Les deux mises en examen maintenues — Tariq Ramadan

Share

La cour d'appel de Paris a décidé de maintenir les deux mises en examen de l'islamologue suisse Tariq Ramadan pour viols, jeudi.

Avant même la décision de la cour d'appel, l'avocat de Christelle estimait que ce recours était "une requête destinée plus à rassurer les derniers soutiens de Tariq Ramadan qu'à convaincre les juges". Le célèbre intellectuel musulman est inculpé depuis le 2 février 2018 pour deux viols, dont un sur personne vulnérable, ce qu'il conteste fermement. Jusqu'à une volte-face retentissante en octobre, après neuf mois de détention provisoire, Tariq Ramadan, 56 ans, avait persisté à nier tout rapport sexuel avec ces deux plaignantes.

Mais entre-temps, la donne a changé.

"Même dans les moments de fougue et de domination, un non c'était un non", s'était-il défendu lorsqu'il avait reconnu en octobre devant les juges d'instruction une relation consentie avec chacune de ses accusatrices.

La position de l'islamologue était devenue intenable depuis la révélation en septembre de centaines de SMS sans ambiguïté exhumés d'un vieux téléphone de Christelle.

La faveur n'a pas été du côté de Tariq Ramadan.
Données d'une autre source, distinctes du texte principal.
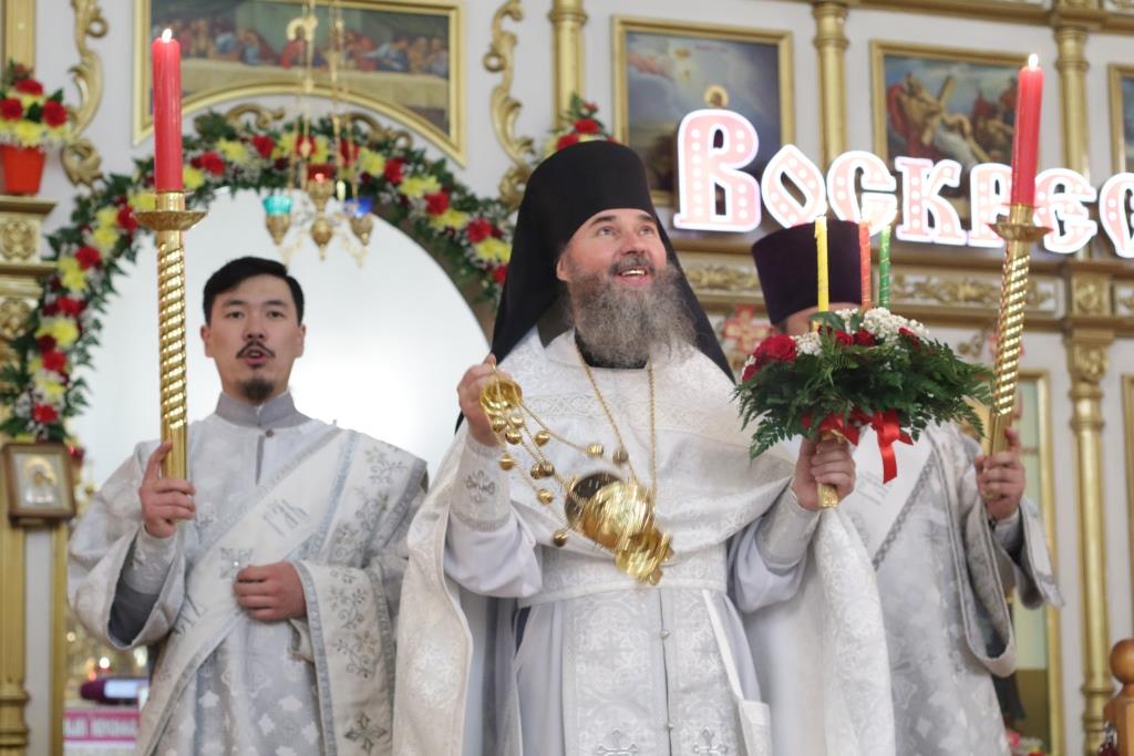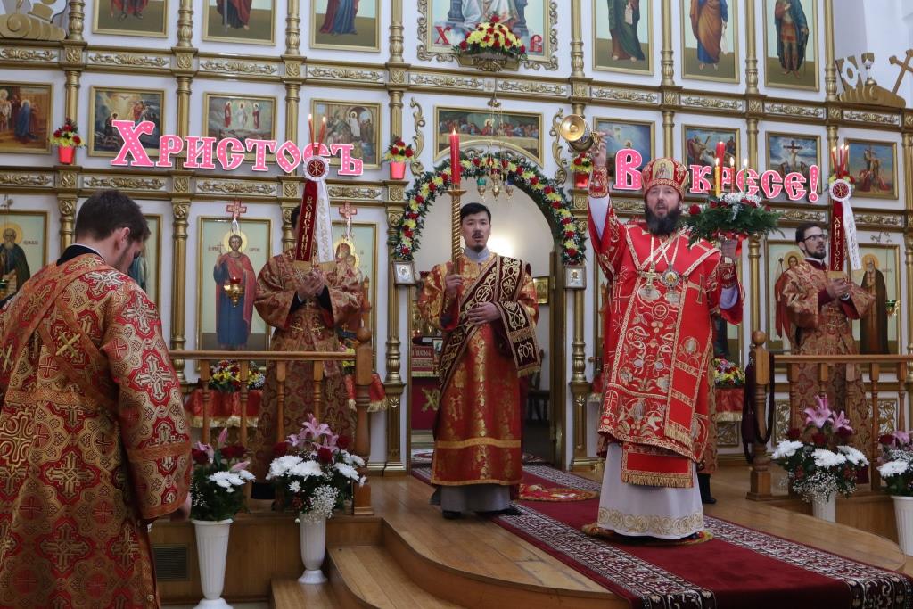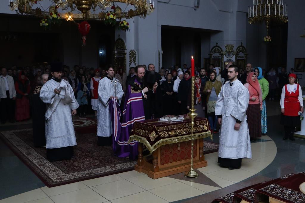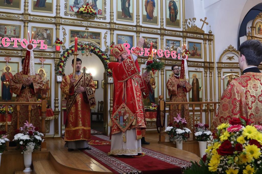 Пасхальное богослужение посетили многочисленные верующие, представители городской общественности, сибирское казачество. Песнопения Пасхи Христовой и Божественной Литургии исполнял хор Андреевского собора под управлением регента Н. Романцовой. Многие песнопения были исполнены соборным духовенством.

Les magistrats qui se sont prononcés ce jeudi sont ceux qui avaient, à la surprise générale, remis en liberté Tariq Ramadan mi-novembre, après cette volte-face.

En premier lieu, la datation d'un SMS de Christelle, où elle écrit que Tariq Ramadan lui a "manqué" dès qu'elle a "passé la porte", est au cœur des débats.

Des messages de Henda Ayari, envoyés après la date des faits, ont également été analysés. Ils contiennent des propositions sexuelles mais également des reproches de violences et de manipulation.

"La décision de la cour d'appel, dont on ne connaît pas encore la motivation, n'efface pas les mensonges démontrés des parties civiles, puisque les investigations ont démontré que les relations qu'elles ont eues avec M. Ramadan étaient voulues et pleinement consenties", a pour sa part réagi auprès l'AFP Me Emmanuel Marsigny, avocat de la défense.

Depuis leur plainte initiale, Henda Ayari et Christelle ont décrit de manière constante des rapports brutaux au moment de leur unique rencontre avec M. Ramadan. Toutes deux ont aussi invoqué l'emprise exercée par l'islamologue, par des mensonges, des manipulations et des menaces, corroborées par des témoignages d'autres femmes. Cependant, il a été mis en examen le 02 février 2018 pour ces actes sexuels. Il est soumis à un contrôle judiciaire très strict, l'obligeant ainsi à pointer une fois par semaine au commissariat de Saint-Denis et lui interdisant de quitter le territoire français.

Le prédicateur, qui souffre d'une sclérose en plaques, a dû verser une caution préalable de 300 000 euros et remettre son passeport suisse.